Alphabet soup, AKA: EAP ETA PDO in DC

I just got back from an event in DC that was about as information-heavy as its title – the East Asia Pacific (EAP) English Teaching Assistant (ETA) Pre-Departure Orientation (PDO). It was a great five days, jam-packed with information and networking, all during an incredibly historic time in our country.

dr.-seuss-coloring-pages-sneetches-92031
Sneetches teaching about diversity and inclusion!

The first half of the orientation was focused on regional information about East Asia Pacific, including cultural aspects that we should consider when working there. This half was for researchers and scholars in addition to ETAs. It began with a bunch of speeches from the State Department and affiliated organizations, which was interesting, but very heavy on China and the TPP. The regional breakouts helped detail the cultural context in which we will be teaching and gave us advice on how to pack (which sounds minor, but is a daunting prospect!). We also got a chance to talk to our contacts at the US Embassy in Vientiane and learn more about our orientation in-country, which will last for the first month and a half or so. The second half was only ETAs, and we workshopped different learning and teaching styles. We ended by teaching sample lessons, where I got to make half of my group act out the plot of Dr.
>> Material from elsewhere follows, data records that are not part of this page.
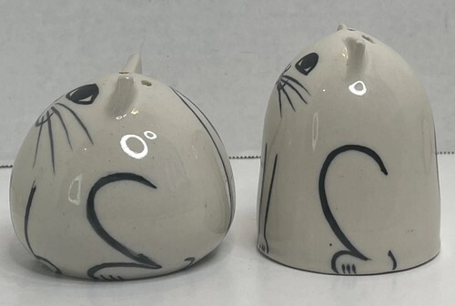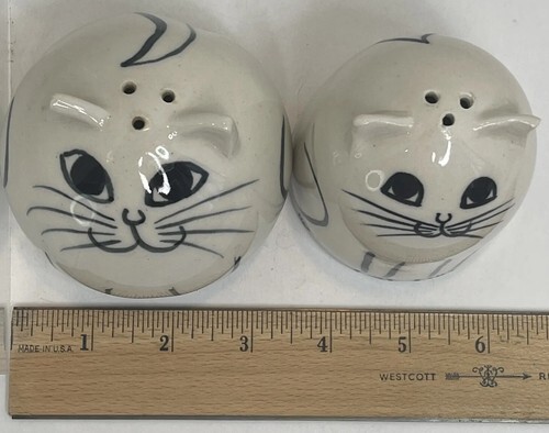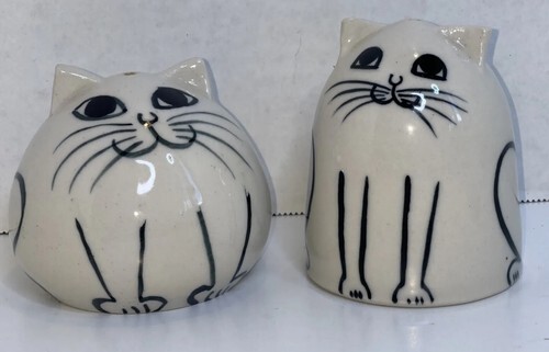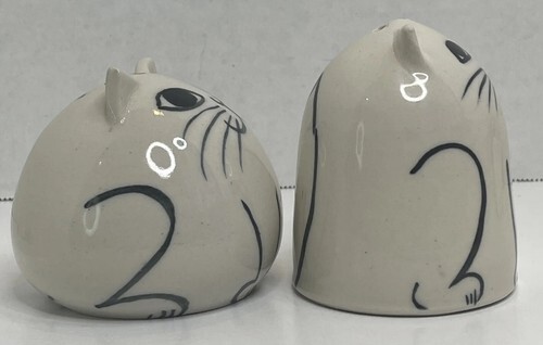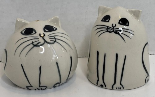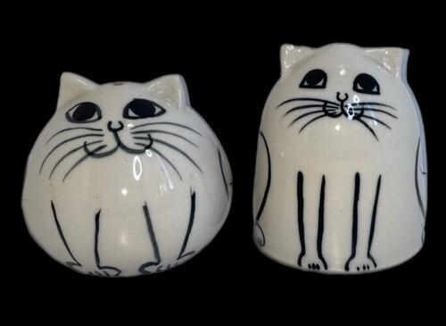 Stunning KD Karen Donleavy Black White Cat Painted Salt And Pepper Shakers.
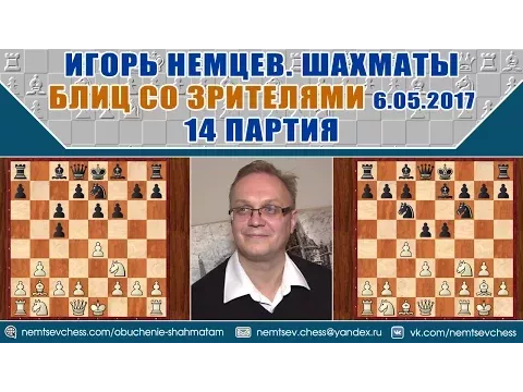 Подписаться на канал - https://goo.gl/oESyyJ Обучение шахматам - http://goo.gl/fo5EOw Мой интернет-магазин - http://chess-video.ru/ Поддержите наш канал - http://www.nemtsevchess.com/donate Онлайн-блиц 3. 06.05.2017. Игорь Немцев. Открытые уроки Игоря Немцева - https://goo.gl/pCi0W9 Еще много интересного - https://www.youtube.com/channel/UCkvVQ19j7t30eRSDWeJCbUg/playlists Смотрите в прямом эфире! На Youtube - https://www.youtube.com/channel/UCkvVQ19j7t30eRSDWeJCbUg/live На Twitch - https://www.twitch.tv/gurunemtsev На Goodgame - https://goodgame.ru/channel/nemtsevchess/ Автор видео - Игорь Немцев, мастер ФИДЕ, тренер высшей категории Сайт Игоря Немцева - http://www.nemtsevchess.com Пишите мне - nemtsev.chess@yandex.ru Обучающие видео Игоря Немцева на канале Сергея Шипова - https://goo.gl/plX4uH Подписывайтесь на канал! Делитесь в соцсетях! Пишите комментарии! Ставьте лайк! Поддержите канал! http://www.nemtsevchess.com/donate
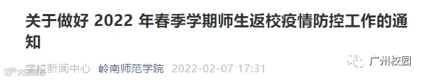 2月7日,岭南师范学院发布关于做好2022年春季学期师生返校疫情防控工作的通知。
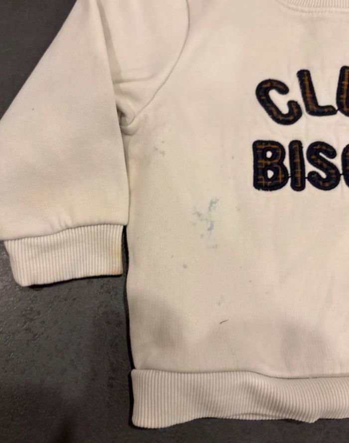 Pull 18 mois tape à l’œil tachés à plusieurs endroits (voir photo). Maison non fumeur et personne soigneuse N'hésitez pas à me demander si vous recherchez d'autres vêtements et taille.
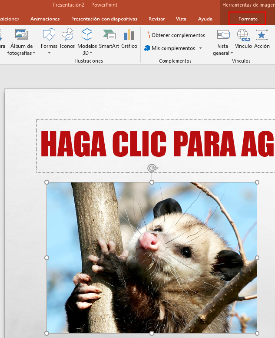 Selecciona la imagen: Una vez que la imagen esté cargada en la diapositiva, haz clic sobre ella para seleccionarla.
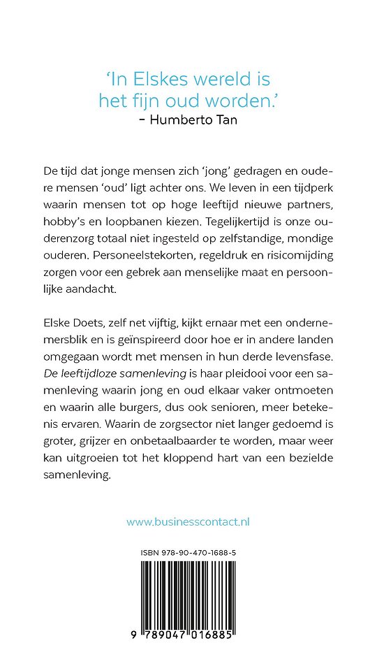 Elke Doets pleit in 'De leeftijdloze samenleving' voor een samenleving waarin jong en oud elkaar vaker ontmoeten en waarin alle burgers, dus ook senioren, meer betekenis ervaren. Waarin de zorgsector niet langer gedoemd is groter, grijzer en onbetaalbaarder te worden, maar weer kan uitgroeien tot het kloppend hart van een bezielde samenleving. De tijd dat jonge mensen zich ‘jong’ gedragen en oudere mensen ‘oud’ ligt achter ons.
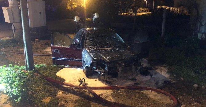 Antalya'da bir evin önünde park halinde olan otomobil, yanarak kullanılamaz hale geldi. Aracın aynı anda ön ve arka kısımlarının alev alması nedeniyle kundaklama iddiasına yönelik çalışma başlatıldı.
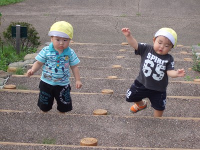 0歳児も 階段登りに挑戦です。
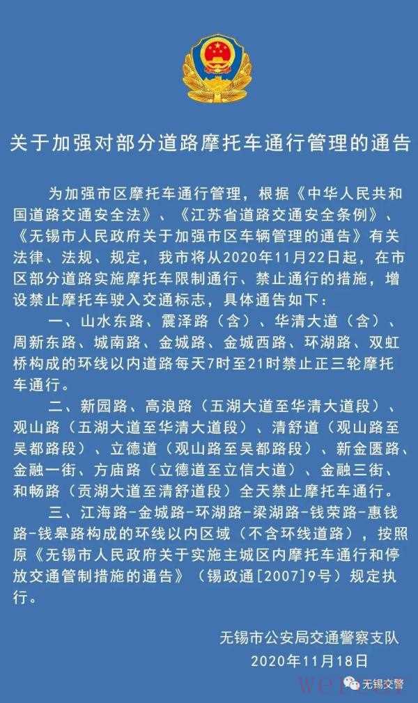 1、无锡最新的摩托车禁摩路段和区域有哪些?

Seuss’s “The Sneetches.”

The best part of the PDO was meeting the rest of the Fulbrighters, both those who will be stuck with me in Laos and those headed elsewhere in the EAP region. I met some other really cool folks headed to Mongolia and Indonesia and Vietnam, but obviously, the Laos cohort is the best. Our handy guide for the weekend was Megan, a Laos ETA from 2013-2014. She was one of the first ETAs in Savannakhet, so it was especially useful for me to have her around. Generally, Megan was incredibly helpful and patiently answered all of the silly questions we flung at her. The rest of the crew is as follows: Courtney, Danielle, Tassos, Will (who will all be in Vientiane), and Theresa (my housemate in Savan, woohoo). We hung out a ton at orientation as well as in our free time, including at a great live blues bar on Saturday night. Before this week I was definitely anxious, but after meeting these cool cats I am nothing but excited. We all hit it off pretty well and it’s great to know that amongst all of the challenges that we will confront throughout the next year, there will be an awesome group of people right there to face them with. Saying goodbye after just a few days was already tough – can’t wait to get to know everyone better soon.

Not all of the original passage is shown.